Solanum tuberosum - Kartoffel

Giftpflanze und Weltnahrungsmittel

Schon vor 4000 Jahren wurden Kartoffeln in Peru gegessen. Die Inkas verbreiteten den Anbau in Südamerika und nutzten die Kartoffel gleichrangig neben Mais. In den Anden waren fast 600 Varietäten der Kartoffel bekannt. Als die Konquistadoren die Inka-Kultur zerstörten, wurde die Knolle zum Beuteanteil, der nach Europa verschifft wurde. So soll die Kartoffel 1570 Europa erreicht haben.

Achtung giftig
Alle oberirdischen Pflanzenteile dieses Nachtschattengewächses sind giftig, einschließlich der Knollen, die längere Zeit dem Licht ausgesetzt wurden und sich grün gefärbt haben. Die Kartoffelschalen und die ergrünte Kartoffel enthalten ein Mehrfaches an dem Alkaloid Solanin, einem Glucosid des Solanidins.
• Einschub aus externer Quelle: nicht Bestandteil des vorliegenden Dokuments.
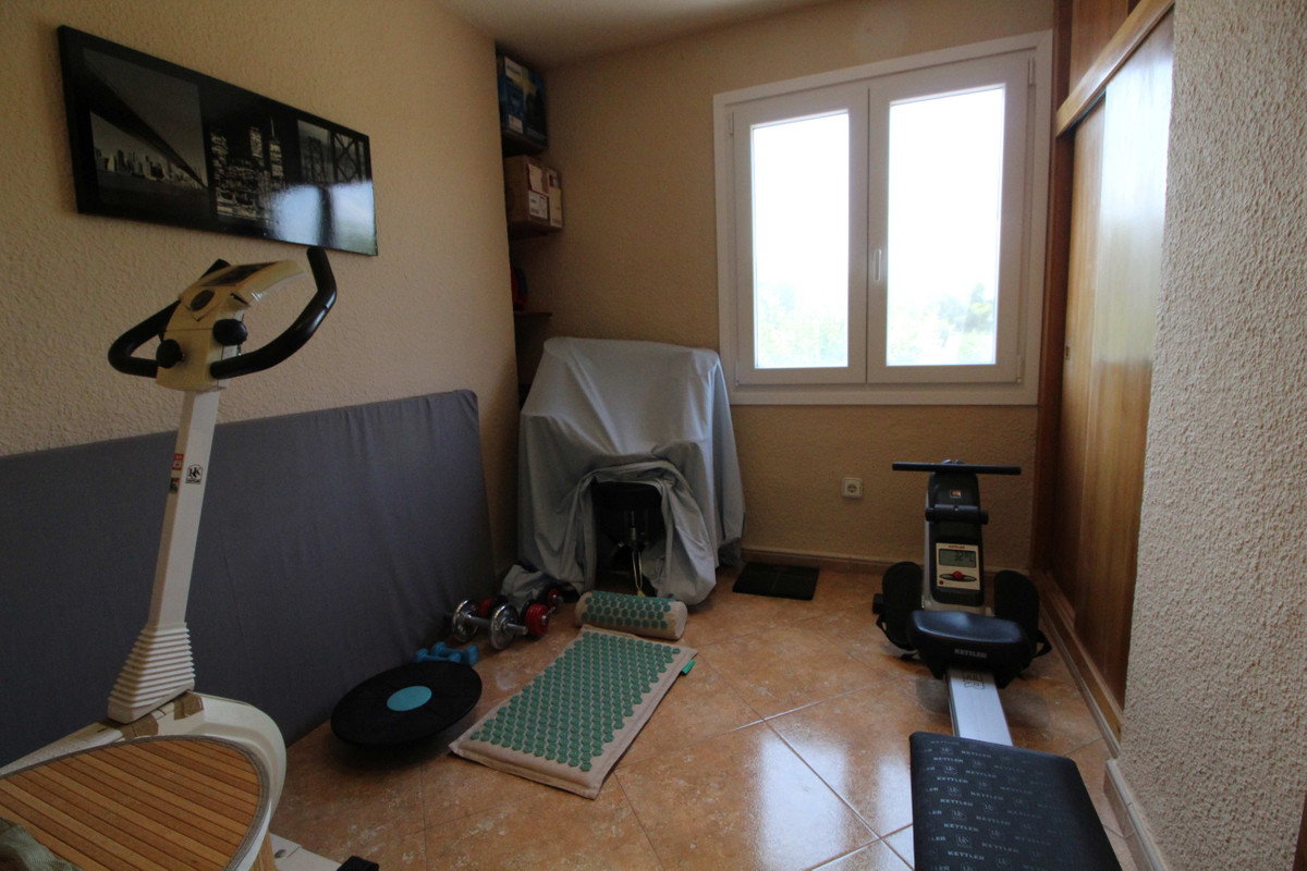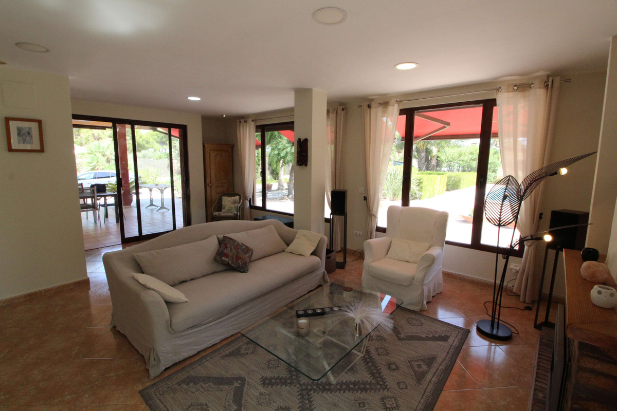 The property itself is of fairly modern design with a good quality build and architectural design of a traditional Finca of the area. The interior has a contemporary layout which flows nicely from the entrance on the main terrace you walk into the lounge with log burner insert in the fireplace and air conditioning, enough comfortable seating for a large family and then further back closer to the kitchen is the dining area. The kitchen is separate and includes all appliances and a utility room with a door leading out to the terrace. On this floor down the hallway there are 2 double bedrooms and a bathroom with shower/tub. The stairs leading upstairs from the lounge lead to 4 more bedrooms including the master bedroom and another family bathroom with walk in shower. From the master there is access to a large solarium overlooking the garden. One of the bedrooms is set up as a small gym but can also be used as an office.  All bedroom have AC units and built in wardrobes.
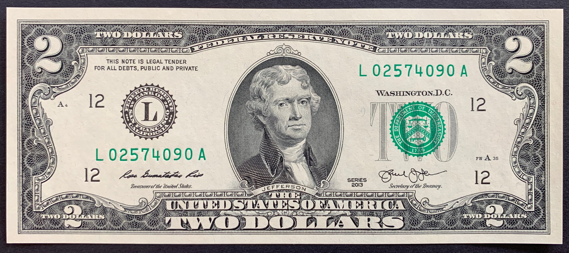 Portrait of Thomas Jefferson at center, treasurer's signature and Federal Reserve Bank Seal at left, secretary's signature and Treasury Seal at right
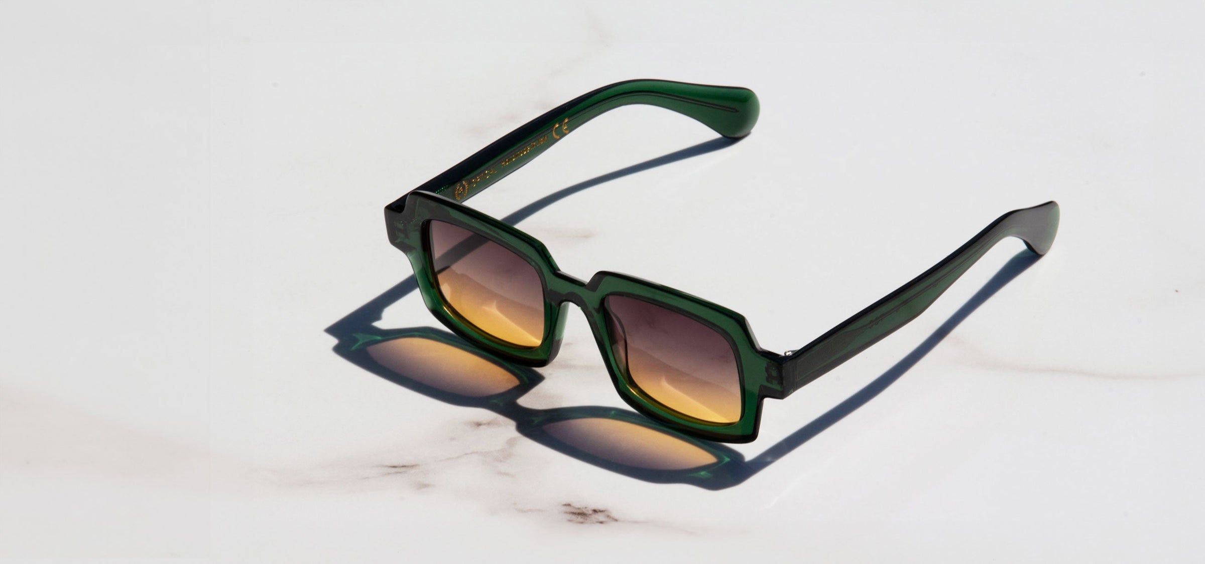 Gli occhiali da sole della collezione Bold di H|Optical™ sono realizzati a mano utilizzando un unica lastra di acetato di cellulosa spessorato.
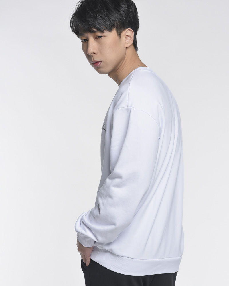 Yishion Men Oversized Solid Coloured Long Sleeve Sweatshirt with "ORIGINALTEEBOX" Logo (White)

Heutige Kartoffelsorten weisen nur noch 3 – 7 mg Solanin pro 100 g Frischgewicht auf. Bei den älteren Kartoffelsorten war der Wert wesentlich höher. Botanisch gesehen ist die Kartoffel, die von uns gegessen wird, eine Sprossknolle, da sie als verdicktes Rhizom einem Erdspross entspricht. Sie ist also weder Frucht noch Wurzelgemüse, sondern vom Typ her wie Kohlrabi und Rübe einzuordnen.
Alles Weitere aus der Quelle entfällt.